Characteristics of study population

	All SOT (n = 4405)	No bacterial foodborne infection (n = 4268)	Bacterial foodborne infection (n = 137)
Age at enrollment, median (IQR)	53 (41–61)	54 (42–61)	51 (37–60)
Sex (female), n (%)	1599 (36.3%)	1553 (36.4%)	46 (33.6%)
Type of transplantation, n (%)
Kidney	2467 (56.0%)	2375 (55.7%)	92 (67.2%)
Liver	944 (21.4%)	925 (21.7%)	19 (13.9%)
Heart	335 (7.6%)	321 (7.5%)	14 (10.2%)
Lung	403 (9.2%)	397 (9.3%)	6 (4.4%)
Combined a	212 (4.8%)	207 (4.9%)	5 (3.7%)
Other b	44 (1.0%)	43 (1.0%)	1 (0.7%)
Living donor, n (%)	1075 (24.4%)	1028 (24.1%)	47 (34.3%)
Re or second transplantation at enrollment, n (%)	470 (10.7%)	446 (13.3%)	24 (17.5%)
Induction immunosuppression, n (%)
Basiliximab	3093 (70.2%)	3000 (70.3%)	93 (67.9%)
Anti‐lymphocyte globulin	1007 (22.9%)	974 (22.8%)	33 (24.1%)
Maintenance immunosuppression, c n (%)
Tacrolimus	3269 (74.2%)	3166 (74.2%)	103 (75.2%)
Cyclosporin	944 (21.4%)	911 (21.3%)	33 (24.1%)
Mycophenolate (MMF or MPA)	3943 (89.5%)	3812 (89.3%)	131 (95.6%)
Azathioprine	76 (1.7%)	74 (1.7%)	2 (1.5%)
mTOR inhibitors	143 (3.3%)	140 (3.3%)	3 (2.2%)
Prednisone	4005 (90.9%)	3878 (91.0%)	127 (92.7%)
TMP‐SMX prophylaxis, n (%)	3880 (88.1%)	3755 (88.0%)	125 (91.2%)
Months of TMP‐SMX, median (IQR)	6.1 (4.9–12.4)	6.1 (4.9–12.4)	6.3 (5.3–13.4)
Follow‐up in years, median (IQR)	4.2 (1.9–7.0)	4.2 (1.9–7.0)	5.7 (3.8–7.9)
Outcome at end of follow‐up, n (%)
Lost to follow‐up	46 (1.0%)	44 (1.0%)	2 (1.5%)
Patients with graft failure d , e	452 (10.3%)	441 (13.2%)	11 (8.0%)
Death e	538 (12.2%)	529 (15.8%)	9 (6.6%)
Death with functioning allograft	444 (10.1%)	435 (13.0%)	9 (6.6%)

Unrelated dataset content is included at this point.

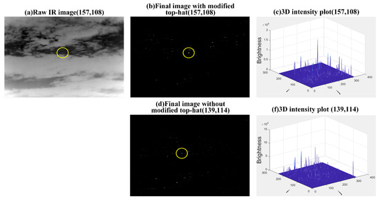 This experiment adopts Seq.2 that has low target-background contrast to evaluate the influence of the modified top-hat transformation. According to [22] as well as our experimental results, we set the parameters of the modified top-hat transformation as , = 1, = 1, = 1.2, = 1.2, and = 5. Here is the window size. , and are the coefficients of target enhancement operation. For the two thresholds of our method, we set and . Figure 5, Figure 6 and Figure 7 show some results with and without modified top-hat transformation. The raw IR images of these figures include a small target located at the edge of clouds, a small target located at the sky background without clouds, and a small target near the edge of clouds, respectively. We can see that the modified top-hat transformation benefits to increasing the contrast between the target and the background. Therefore, the targets with low contrast can be detected easier with such a transformation.

Abbreviations: IQR, interquartile range; MMF, mycophenolate mofetil; MPA, mycophenolic acid; mTOR, mammalian target of rapamycin; SOT, solid organ transplant; TMP‐SMX, trimethoprim‐sulfamethoxasole.

Including kidney‐pancreas (93), kidney‐kidney (43), kidney‐liver (38), kidney‐islets (16), kidney‐heart (8), liver‐lung (4), pancreas‐small bowel (2) heart‐lung (1), kidney‐lung (1), islets‐liver (1), liver‐pancreas (1), kidney‐kidney‐pancreas (2), kidney‐islets‐liver (1), islets‐liver‐lung (1) transplant recipients.

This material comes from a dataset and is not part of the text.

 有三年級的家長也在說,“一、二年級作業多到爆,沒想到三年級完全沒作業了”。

Including islets (30), pancreas (13), and small bowel (1) transplant recipients.

Maintenance immunosuppression represent immunosuppression at day 30 after transplantation.

Including primary non‐function (50).

Death and graft failure occurred on the same day in 94 patients.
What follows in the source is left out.